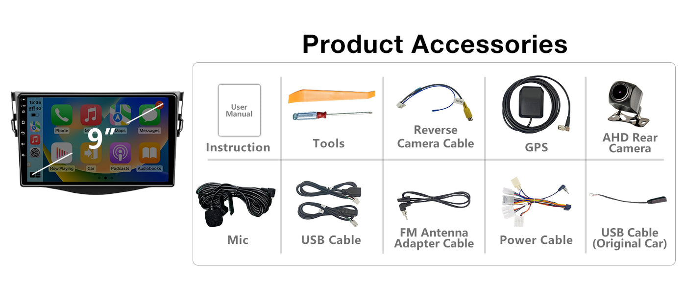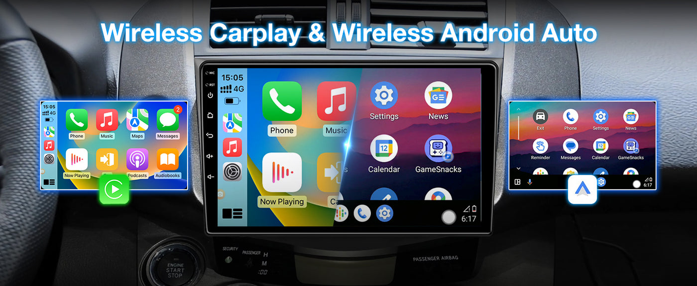 - Dual Wireless Connectivity: CarPlay & Android Auto: Stay connected and entertained on the go with built-in support for both CarPlay and Android Auto. Effortlessly access your favorite apps, maps, music, and more directly from your 9-inch touchscreen display, all while keeping your hands on the wheel and eyes on the road.
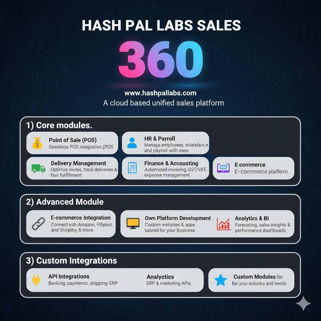 Our flagship product is the Sales 360 Platform, a comprehensive, privacy-first solution designed to power sales and marketing for your enterprise, restaurant, grocery store, small business, e-commerce shop, logistics operation, HRMS service, or general service provider, helping your team grow efficiently and securely.
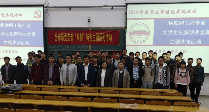 2018年10月24日下午,分布智能与物联网研究所党支部( 原“分布式控制研究所党支部”)组织党员教师赴宣城校区,面向2017和2018级物联网工程及相关专业200余名本科生开展“大学生创新创业竞赛”主题沙龙活动。此次活动不仅是对《教育部关于加快建设高水平本科教育全面提高人才培养能力的意见》文件精神的贯彻和落实,同时也是该党支部2018年初面向合肥校区计算机科学与技术专业本科生双创主题活动的延伸,旨在形成“以赛促学、竞学相长”的双创竞赛与人才培养的新格局与新模式。
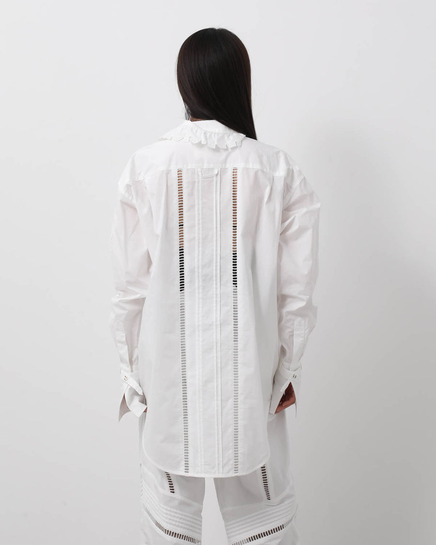 A crisp cotton blouse featuring eye-catching ruffle lace at the collar and an oversized silhouette for a relaxed yet refined look.
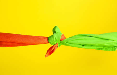 Tied handkerchiefs on color background. Unity concept
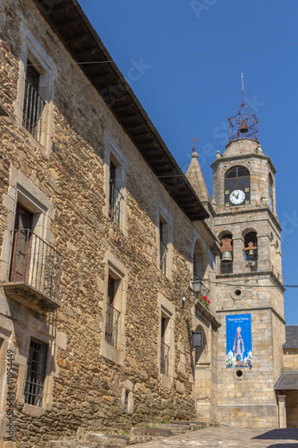 Puebla de Sanabria, Spain - September 6, 2020: Bell tower of Santa María del Azogue church (Iglesia de Nuestra Senora del Azogue) is a pretty village church that was first built in the 12th century.
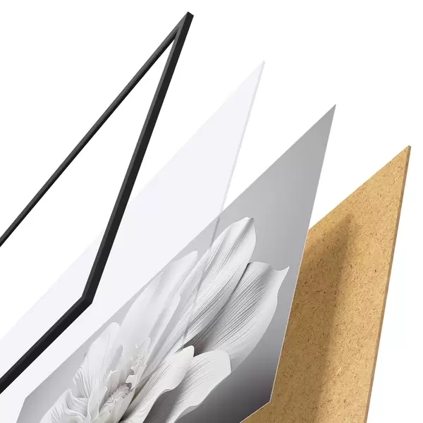 Le poster se compose d'un cadre, d'un plexiglas, d'une image imprimée et d'un support en aggloméré. Le poster peut être immédiatement accroché au mur grâce aux fixations au dos.
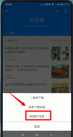 4、在弹出的选项中选择新建BT任务
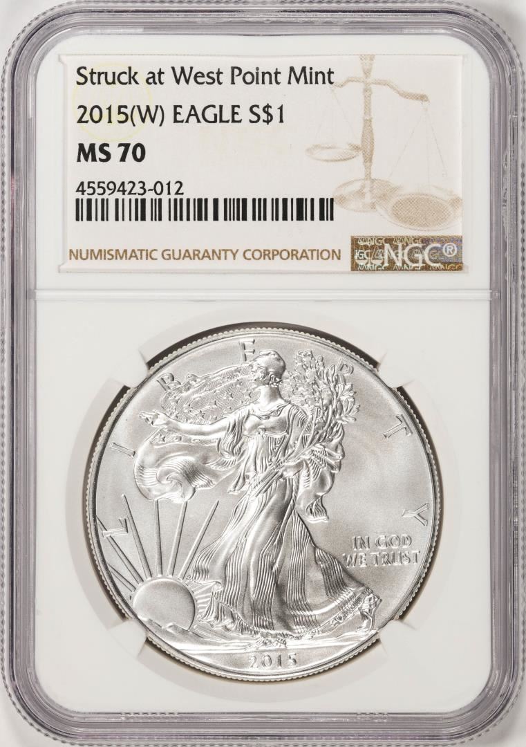 One 2015-(W) $1 American Silver Eagle Coin NGC MS70 West Point Mint. NGC Certified.
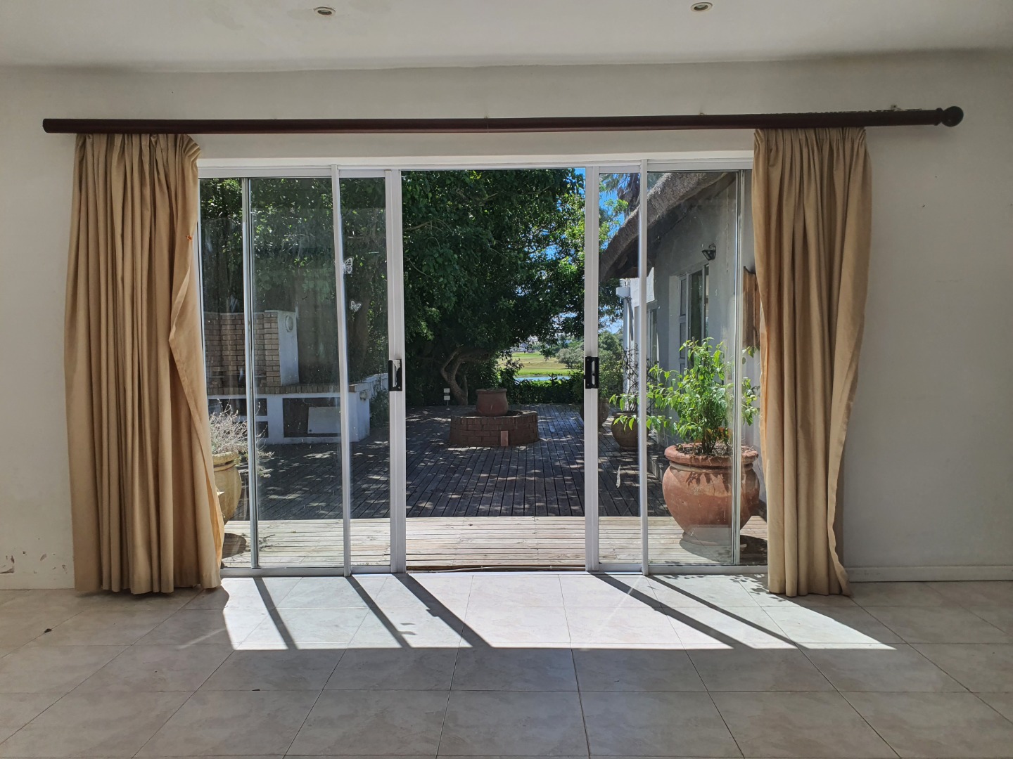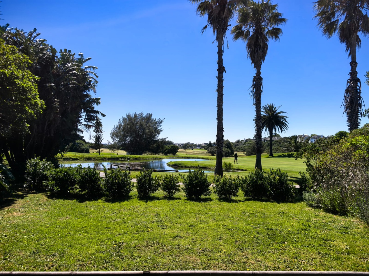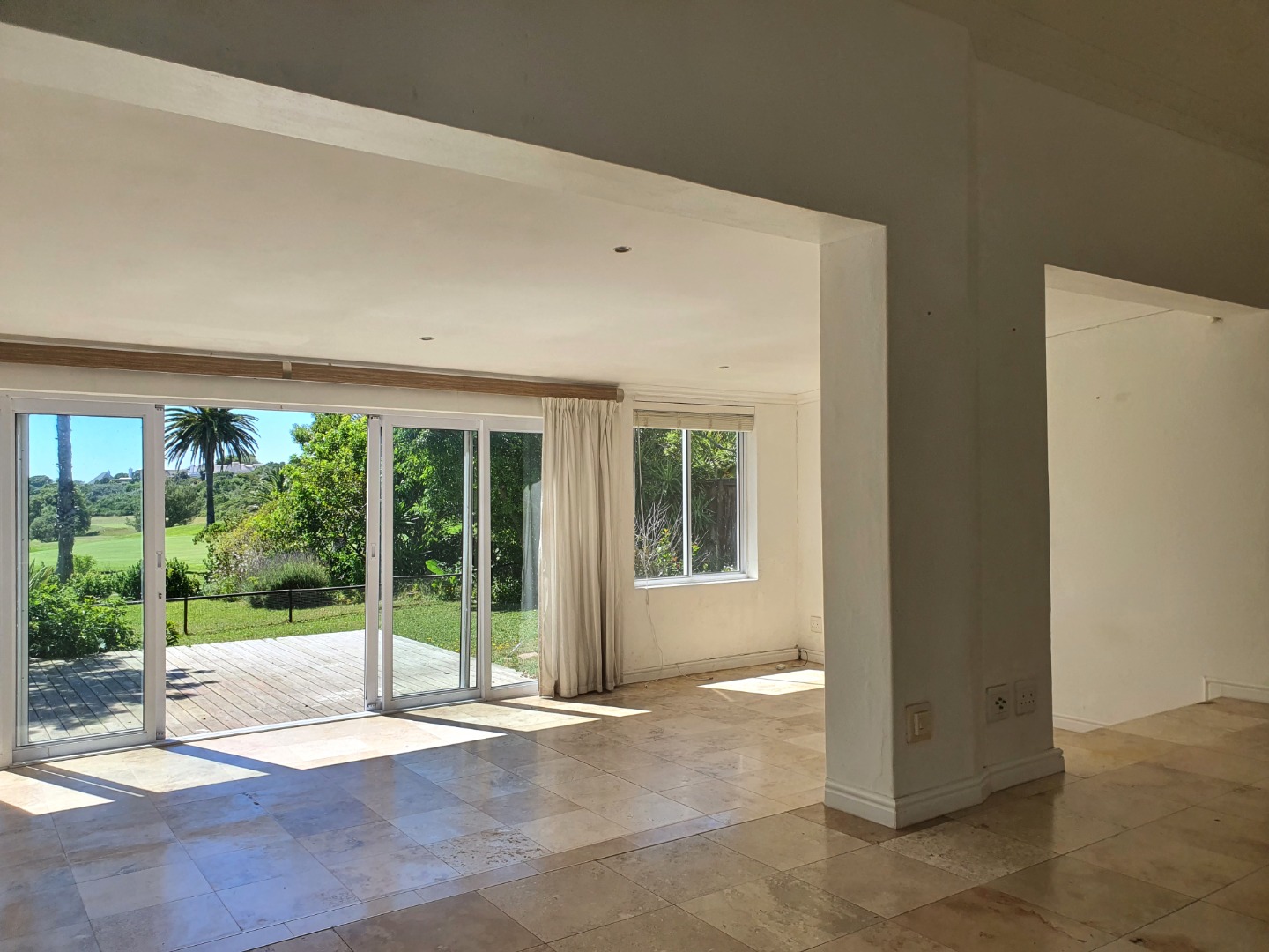 - Open-plan living area with sliding doors, overlooking the golf course and dam
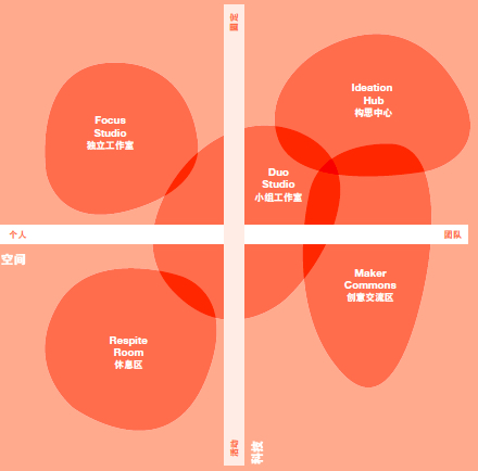 “我们很多人的一个普遍认知是,创造力是在团体中产生的,比如说一支团队开发创新产品,或被公司要求解决一个棘手问题。很多情况下的确如此,所以我们设计了创意交流区和构思中心,它们就是为了一组人能够聚在一起从事这样的创意生成活动,”Armbruster说,“但我们同样认为,创意不是一个线性的过程,你需要人与观点的聚合,也需要人与观点的离散。创意的过程往往是在以团队为单位合作后,成员进行单人工作,然后带着自己的新观点回到团队之中。我们认为很重要的一点是办公空间的设计不能只照顾团队工作,我们也需要能够让个人工作、思考和反省的独立工作室。即使你和团队成员待在一起,你在休息区休息、恢复精神的时候也有可能会有新主意突然闪现。因此,创意空间将所有这些方面都考虑进去,其设计是为了支持创意活动打造一整个空间生态系统。”
=-=-=-=-=
**What you should do**: Write the material out again exactly as it appears, dropping the pictures.

**Completed task**:
 - Dual Wireless Connectivity: CarPlay & Android Auto: Stay connected and entertained on the go with built-in support for both CarPlay and Android Auto. Effortlessly access your favorite apps, maps, music, and more directly from your 9-inch touchscreen display, all while keeping your hands on the wheel and eyes on the road.
 Our flagship product is the Sales 360 Platform, a comprehensive, privacy-first solution designed to power sales and marketing for your enterprise, restaurant, grocery store, small business, e-commerce shop, logistics operation, HRMS service, or general service provider, helping your team grow efficiently and securely.
 2018年10月24日下午,分布智能与物联网研究所党支部( 原“分布式控制研究所党支部”)组织党员教师赴宣城校区,面向2017和2018级物联网工程及相关专业200余名本科生开展“大学生创新创业竞赛”主题沙龙活动。此次活动不仅是对《教育部关于加快建设高水平本科教育全面提高人才培养能力的意见》文件精神的贯彻和落实,同时也是该党支部2018年初面向合肥校区计算机科学与技术专业本科生双创主题活动的延伸,旨在形成“以赛促学、竞学相长”的双创竞赛与人才培养的新格局与新模式。
 A crisp cotton blouse featuring eye-catching ruffle lace at the collar and an oversized silhouette for a relaxed yet refined look.
 Tied handkerchiefs on color background. Unity concept
 Puebla de Sanabria, Spain - September 6, 2020: Bell tower of Santa María del Azogue church (Iglesia de Nuestra Senora del Azogue) is a pretty village church that was first built in the 12th century.
 Le poster se compose d'un cadre, d'un plexiglas, d'une image imprimée et d'un support en aggloméré. Le poster peut être immédiatement accroché au mur grâce aux fixations au dos.
 4、在弹出的选项中选择新建BT任务
 One 2015-(W) $1 American Silver Eagle Coin NGC MS70 West Point Mint. NGC Certified.
 - Open-plan living area with sliding doors, overlooking the golf course and dam
 “我们很多人的一个普遍认知是,创造力是在团体中产生的,比如说一支团队开发创新产品,或被公司要求解决一个棘手问题。很多情况下的确如此,所以我们设计了创意交流区和构思中心,它们就是为了一组人能够聚在一起从事这样的创意生成活动,”Armbruster说,“但我们同样认为,创意不是一个线性的过程,你需要人与观点的聚合,也需要人与观点的离散。创意的过程往往是在以团队为单位合作后,成员进行单人工作,然后带着自己的新观点回到团队之中。我们认为很重要的一点是办公空间的设计不能只照顾团队工作,我们也需要能够让个人工作、思考和反省的独立工作室。即使你和团队成员待在一起,你在休息区休息、恢复精神的时候也有可能会有新主意突然闪现。因此,创意空间将所有这些方面都考虑进去,其设计是为了支持创意活动打造一整个空间生态系统。”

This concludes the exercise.